Сартин что-то прошептал на ухо министру. Тот скорчил гримасу, и Николя увидел, как министр, в свою очередь, что-то сказал королю. Ждать пришлось довольно долго. Генерал-лейтенант мрачно созерцал статую, изображавшую «Славу, держащую в руках портрет Людовика XV». Вошел лакей в голубой ливрее и пригласил их пройти в зал совета, где король, сообразуясь с чрезвычайными обстоятельствами, согласился принять магистрата. Лакей поклонился комиссару, и тот узнал Гаспара. Этот малый, в прошлом состоявший на службе у Лаборда[23], получил повышение и теперь находился в штате личной королевской прислуги в Версале. Продвижением своим Гаспар был обязан доверию, питаемому королем к первому служителю своей опочивальни. Николя, которому Гаспар в свое время оказал немало важных услуг, подумал, что решение Его Величества, возможно, оказалось не самым лучшим, ибо малый обладал чрезмерной любовью к золоту. А в дворцовых коридорах и в закулисье искушение часто слишком велико, чтобы противостоять ему. Они быстро прошли Зеркальную галерею, заполненную по-воскресному разодетыми придворными. Николя, отвечавший за обеспечение безопасности королевской семьи, всегда боялся воскресений, когда каждый, кто подобающим образом одет, держит в руке шляпу, а на боку шпагу, которую можно взять напрокат у входа во дворец, имеет право подойти к королю и его близким. Сартин сделал знак Николя подождать на скамеечке и прошел в зал совета.
Комиссар еще помнил, когда в галерее стояла другая мебель; стремление к переменам заставило убрать ее отсюда в 1769 году. Теперь он с восхищением созерцал столешницы из позолоченного дерева, поддерживаемые скульптурными группами женщин и детей с рогами изобилия в руках. Ленточка над висевшей в центре картиной гласила: «Король правит по собственной воле». Меркурий, спускавшийся с небес с кадуцеем в руке, парил над Людовиком XIV, облаченным в римскую тогу.

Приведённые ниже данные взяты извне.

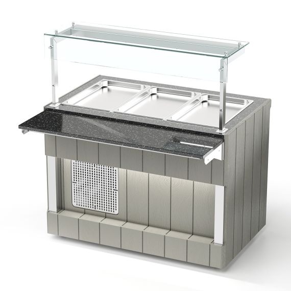 Прилавок холодильный относится к линии раздачи «Kids» торговой марки «Refettorio». Предназначен для кратковременного хранения пищевых продуктов, демонстрации и раздачи холодных закусок и третьих блюд. Столешница с углублением в 100 мм для установки функциональных емкостей. Столешница из искусственного камня. Класс прилавка высокотемпературный (от 1° до 10). Холодообеспечение встроенное. Тип оттаивания: естественный. Оснащен полкой и защитным стеклом. Максимальная распределенная нагрузка на стеклянную полку 15кг. Имеет светодиодную подсветку в нише фасадной части и подсветку рабочей зоны. Со стороны персонала в прилавке имеется розетка с защитной крышкой. В стандартный комплект поставки направляющая и фасады не входят (доп. опция).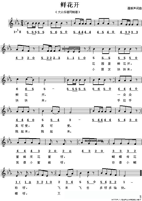 鲜花开(线、的简谱混排版)的简谱歌词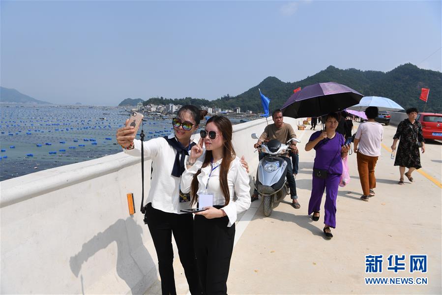 10月12日,福建省霞浦縣東安島海防大橋正式通車,當地群眾前來體驗新橋帶來的便利。新華社記者姜克紅攝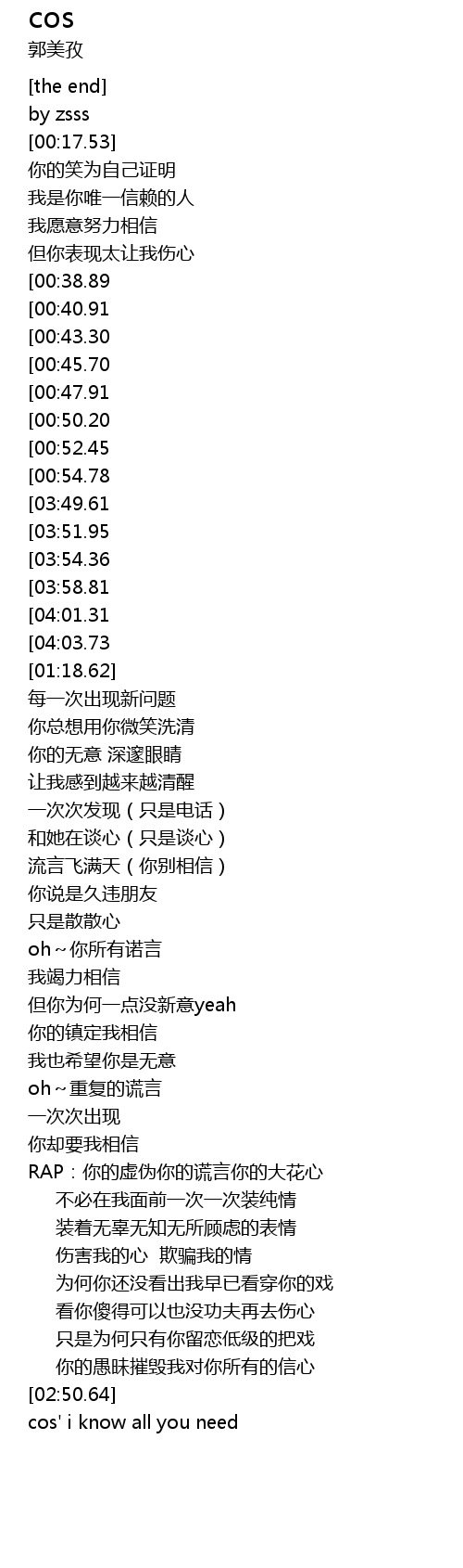 | [04:19.87][04:01.31][02:25.38][01:10.49] | cos' i know 再怀疑 |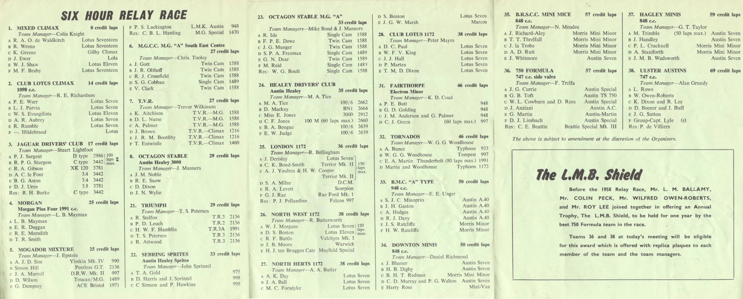 | Drivers listed: P. L. Cracknell (GB) | Result: did not arrive (Not known if ran) |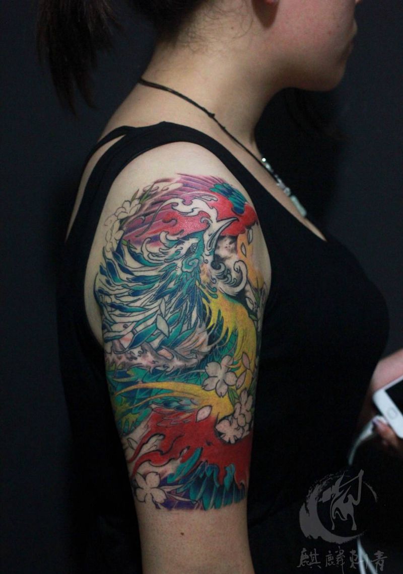 当前位置: 首页 >山东省菏泽市纹身店-菏泽麒麟刺青纹身图案>凤凰未完成 遮盖纹身图片_手臂传统动物彩色遮盖纹身图案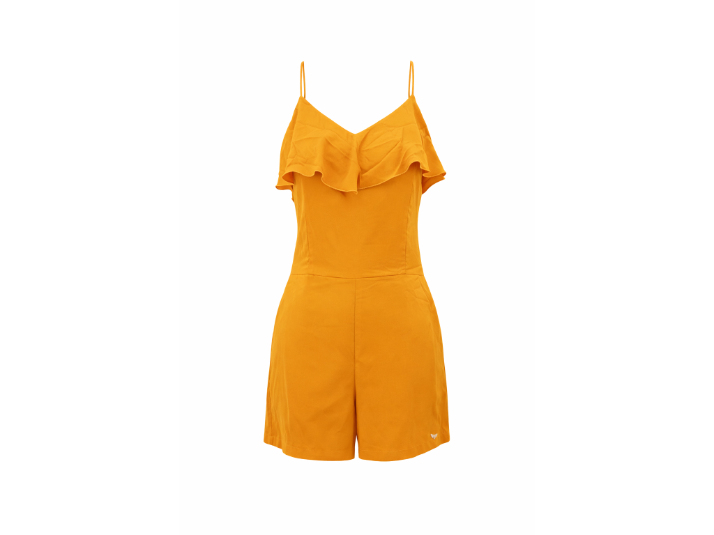 Trendy dámsky kraťasový overal LPB Woman v krásnej farbe šafranu. Vyrobený zo 100% polyesteru, vzdušný a ľahký materiál. Zapínanie na zips na strane, ozdobný volán na hrudi, výstrih v tvare V. Šnúrka so zlatou koncovkou na chrbte, 2 praktické vrecká na bokoch a zlatý štítok s logom.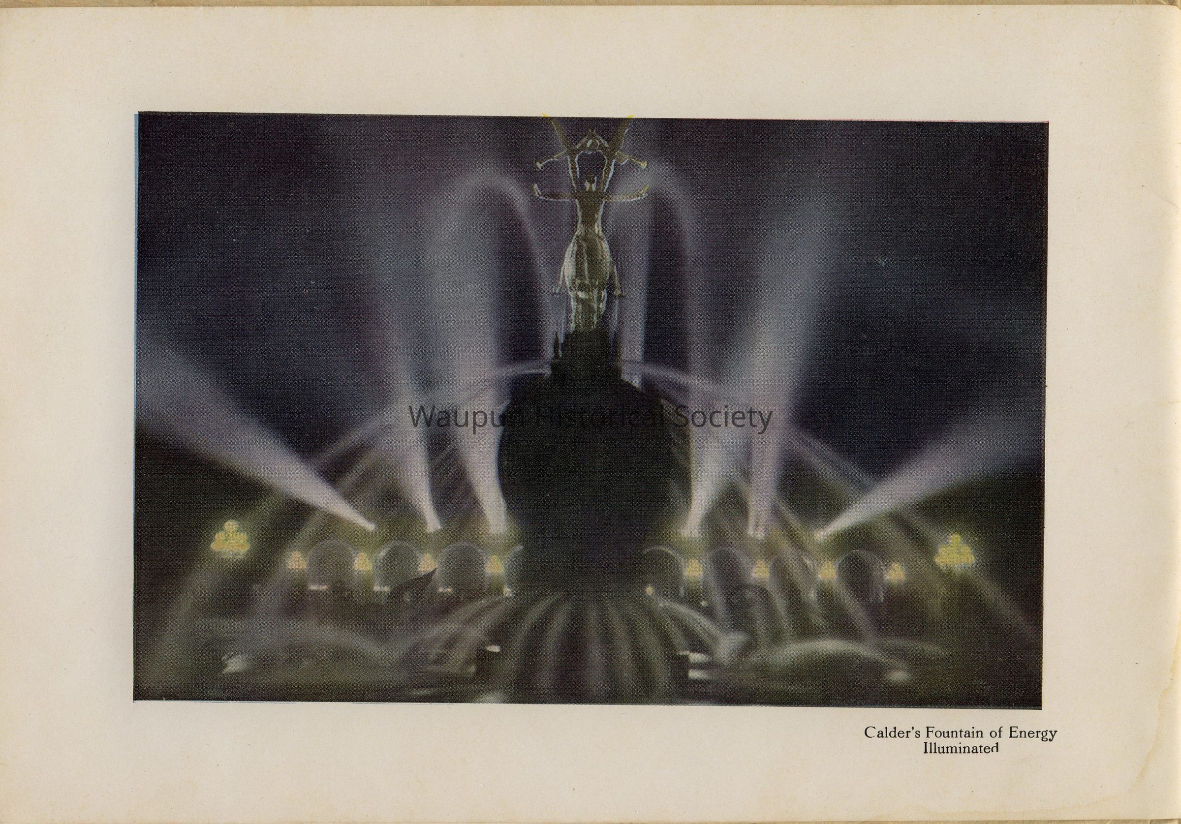 Booklet of the Panama Pacific Exposition. "Colortypes of the Panama Pacific International Exposition at San Francisco 1915. Robert A. Reid, Publisher of Official View Books, San Francisco. Official Publication." Copyright, 1915, by Panama Pacific International Exposition Company." The Panama Pacific exposition was where Mr. Clarence Addison Shaler saw the "End of the Trail" by James Earle Fraser. At some point he decided to buy the statue for Waupun, it was placed in 1929.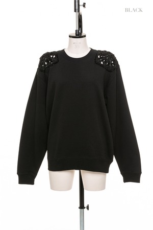 リラックス感のあるスウェットに、両肩へハンドニットのモチーフをあしらった特別な一着。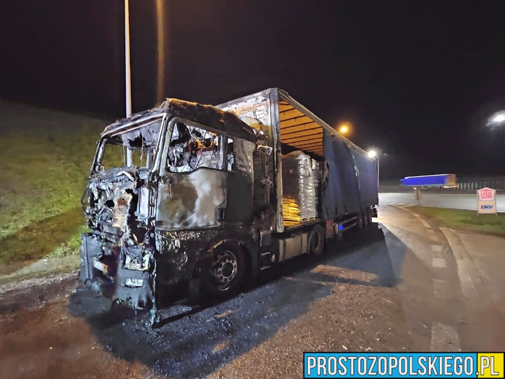 W czwartek, 4 grudnia o godzinie 20:37, służby ratunkowe otrzymały zgłoszenie o pożarze samochodu ciężarowego z naczepą na wjeździe na MOP Wysoka.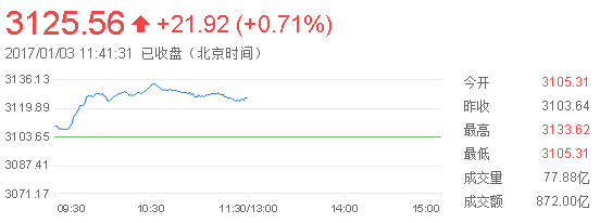 午盤:滬指漲0.71% 節(jié)后成交量放大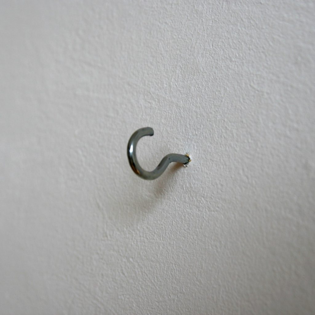 Photographies posées au sol avec, sur le mur, un crochet à leur aplomb.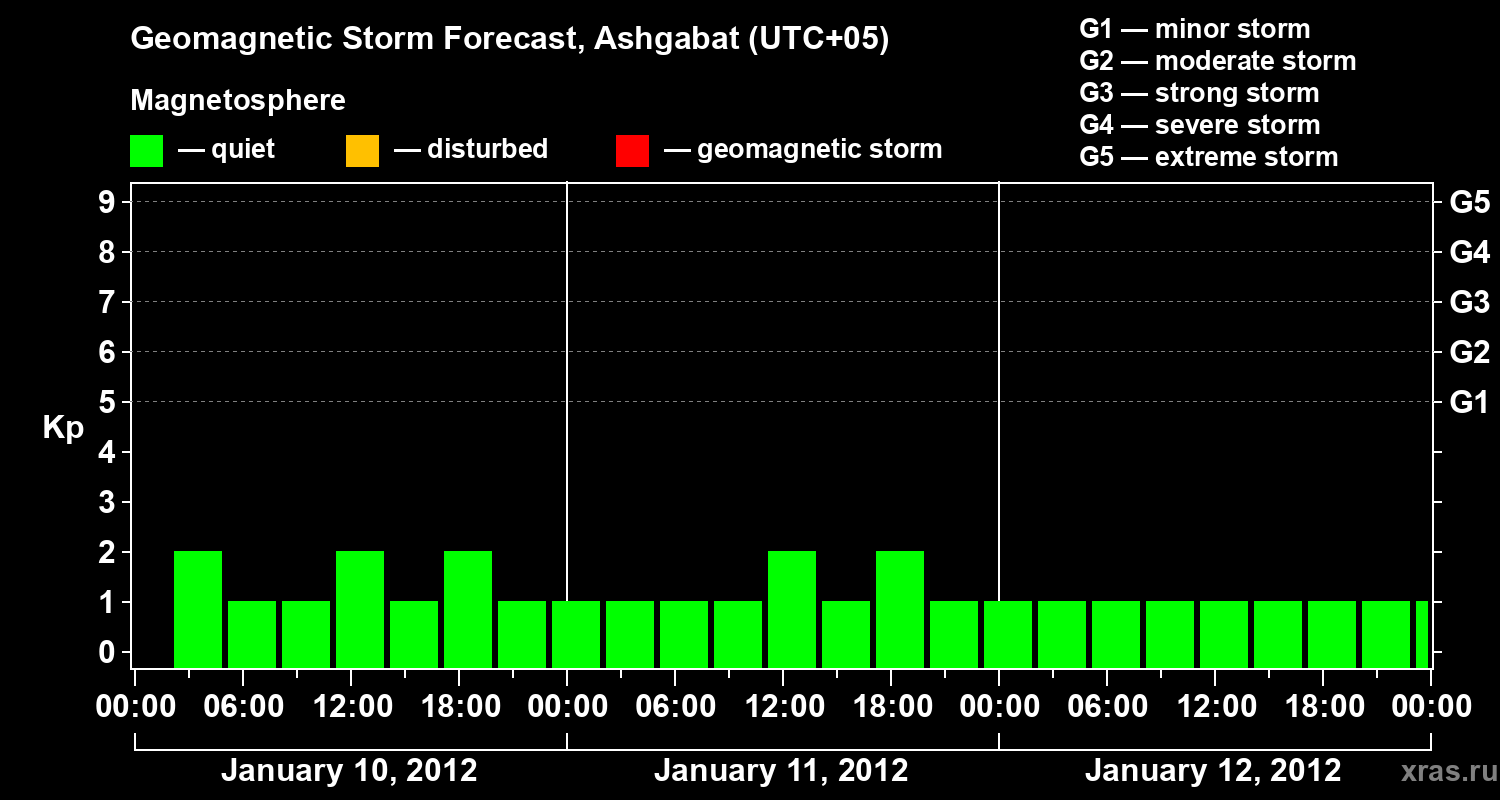 Geomagnetic storm forecast in Ashgabat for Jan 10, 2012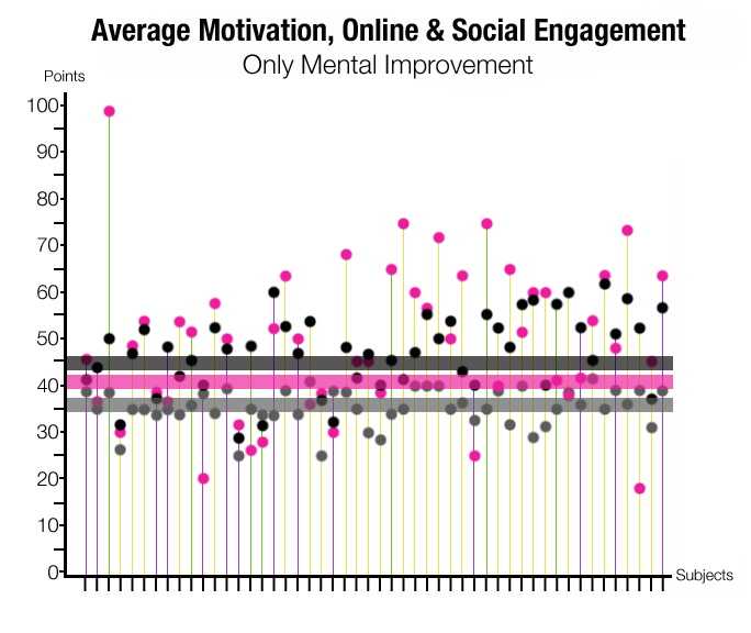 It is interesting to note that the two subjects with a significant mental improvement were very different in their scores. One had slightly below average online and motivation scores. The other had an above average online and motivation. Both had below average social scores.
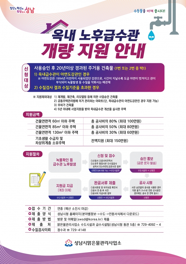 대상자는 신청서(성남시 홈페이지→분야별정보→수도→민원서식), 공사 견적서, 수질검사 성적서 또는 아연도강관 촬영 사진 등을 성남시청 5층 수도시설과에 직접 내거나 담당부서 이메일(swsd@korea.kr)로 보내면 된다. 이성진 성남시 맑은물관리사업소장은 “성남시는 지난해 모두 115가구에 9200만원의 옥내 노후 급수관 개량비를 지원했다”면서 “매년 공사비 지원을 통해 시민들이 맑고 깨끗한 수돗물을 공급받는 환경을 만들고 있다”고 말했다.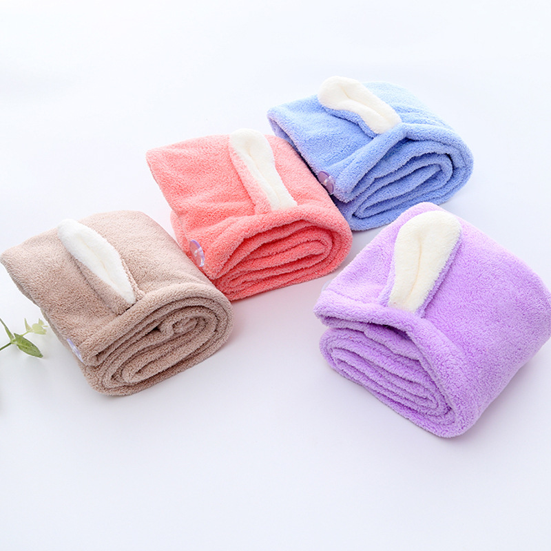 彩星干发帽高密珊瑚绒兔头卡通浴帽柔软吸水易干包头巾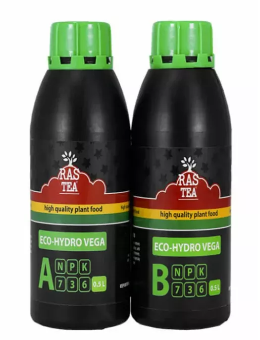 RasTea ECO-Hydro VEGA A/B - базовое органо-минеральное удобрение, но для раскрытия всего потенциала растения используется в сочетании со стимуляторами. Концентрированная формула содержит фульвокислоты и аминокислоты, которые способствуют развитию полезных микроорганизмов. Питательные элементы в доступной форме обеспечивают быстрый старт, здоровый рост и мощную иммунную систему. Гарантирует стабильный набор зеленой массы. Способ применения ECO-Hydro VEGA: Кокосовый сусбтрат, гидропоника - 40 мл удобрения на 10 л воды. Почвенные смеси - 20 мл удобрения на 10 л воды. Внимание: Компоненты A и B добавлять в равных количествах. Компоненты A и B в концентрированном виде не смешивать. Перед использованием - встряхивать. Бутылки имеют контроль вскрытия. Хранить в недоступном для детей месте. При попадании на кожу - смыть теплой водой с мылом. В комплект входит 2 бутылки. Eco-Hydro содержит более 40 высококачественных элементов, в том числе: N общий - 7% (Нитратный - 3.5% , Аммиачный - 2% , Амидный - 1.5%), P205 - 3%, K20 - 6%, MgO - 0.5%, CaO - 1%, SO3 - 2.5%, B - 0.02%, Fe(общий) - 0.12%, Cu - 0.015%, Mn - 0,.05%, Zn - 0.02%, Mo - 0.005%. Присутствуют: аминокислоты, бетаин, цитокинины, альгиновая кислота, кайгидрин, фитогормоны, растительные экстракты из вытяжек цветов и трав.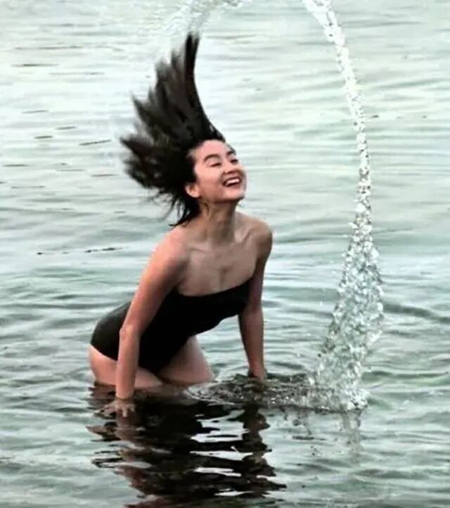 林青霞站在水中摆拍,她的拍照动作很豪放,就拿林青霞拍摄侧身照的拍照动作来说,林青霞蹲在水中,侧身对着镜头,做出了一个甩头发的动作,不仅显得她的侧身曲线很美,而且还显得她活力四射,令人有心动的感觉。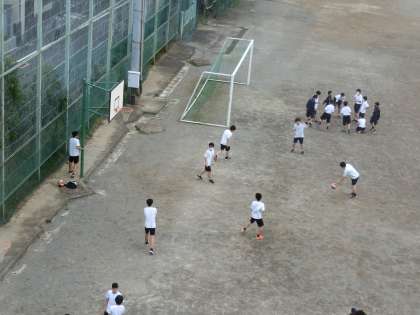 昼休み、今日も子どもたちは元気に校庭で遊んでいました。ソーシャルでスタンスを気にしながら、遊んでくれていますね。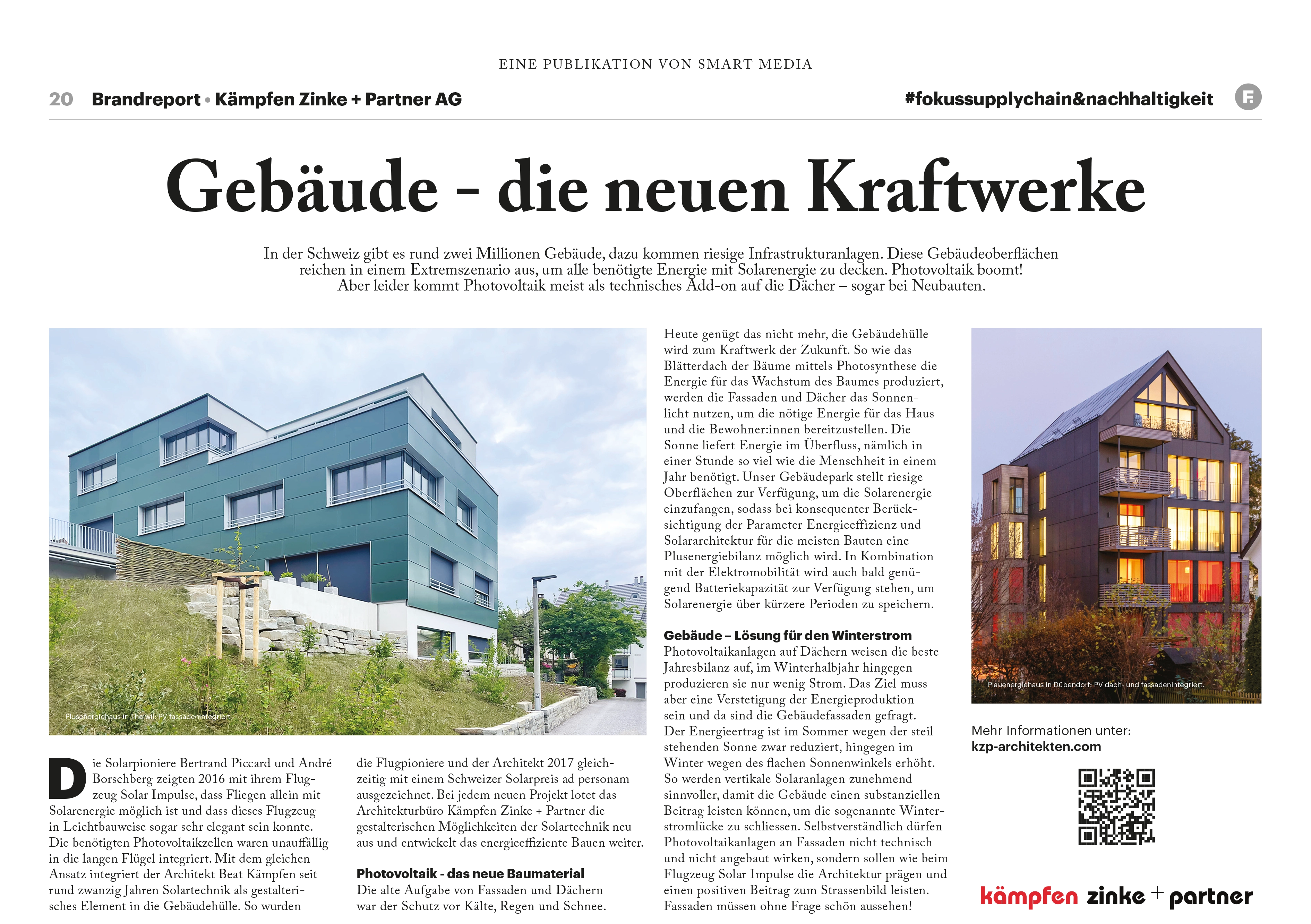 In der aktuellen Tages-Anzeiger von heute zu "Supply Chaines & Nachhaltigkeit" (S. 20) werden zwei unserer Projekte Thalwil und Dübendorf als Parade-Beispiele für Photovoltaik-Fassaden und Dächer vorgestellt.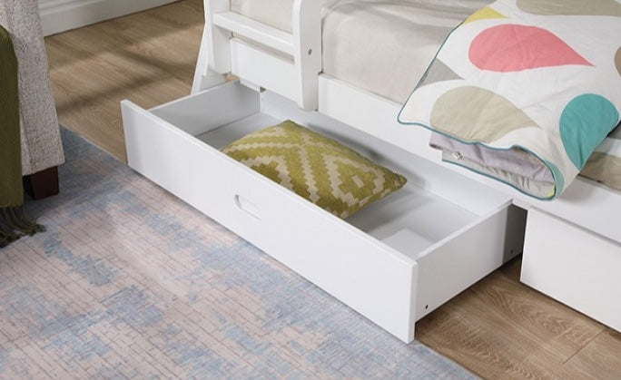 Expertly designed and crafted, the Emilee Twin over Full Bunk Bed offers both style and function. With a reversible angled ladder and two under bed storage drawers, this solid wood bunk bed maximizes space and convenience. Its full slatted design ensures mattress readiness. Available in multiple colors.

— Хи-хи! — раздался саркастический смешок. — Наш дорогой Ранрей считает ворон!
Николя встал и почтительно склонился перед низеньким старцем, одетым в белый атласный костюм, с лицом, в избытке покрытым пудрой и гримом; старец насмешливо взирал на него.
— Сударь, я вас приветствую, — произнес Николя. — Пока я блуждал среди звезд на потолке, мимо меня проходила сама слава. Вы правы, что посмеялись надо мной, сударь, мне нет прощения, господин маршал, и если вам угодно поколотить меня вашим маршальским жезлом, я смиренно приму эту кару, ибо заслужил ее.
— О! Маршальский жезл я предпочитаю хранить дома, у себя во дворце, дабы он не обременял меня, — с улыбкой ответил Ришелье. — Ваше благородство ни с чем не сравнимо: породистого пса не надо учить. Ваш отец-маркиз ценил удачные ответы… Скажите, это маркиз или комиссар ждет сейчас на скамеечке возле двери зала совета?
Ришелье тяжко вздохнул. В этом вздохе прозвучала горечь и отчаяние придворного, так никогда и не сумевшего стать членом королевских советов.
— Честно говоря, сударь, я и сам не знаю. Его Величество принимает господина де Сартина, и, как вы верно подметили, я его жду.
— Однако сейчас не время для его еженедельной аудиенции. Чрезвычайное происшествие или скабрезненький скандальчик, способный развеять меланхолию нашего короля? Впрочем, какая разница, в любом случае, сударь, я вам желаю успешного ожидания. А я пойду строить глазки божественной графине.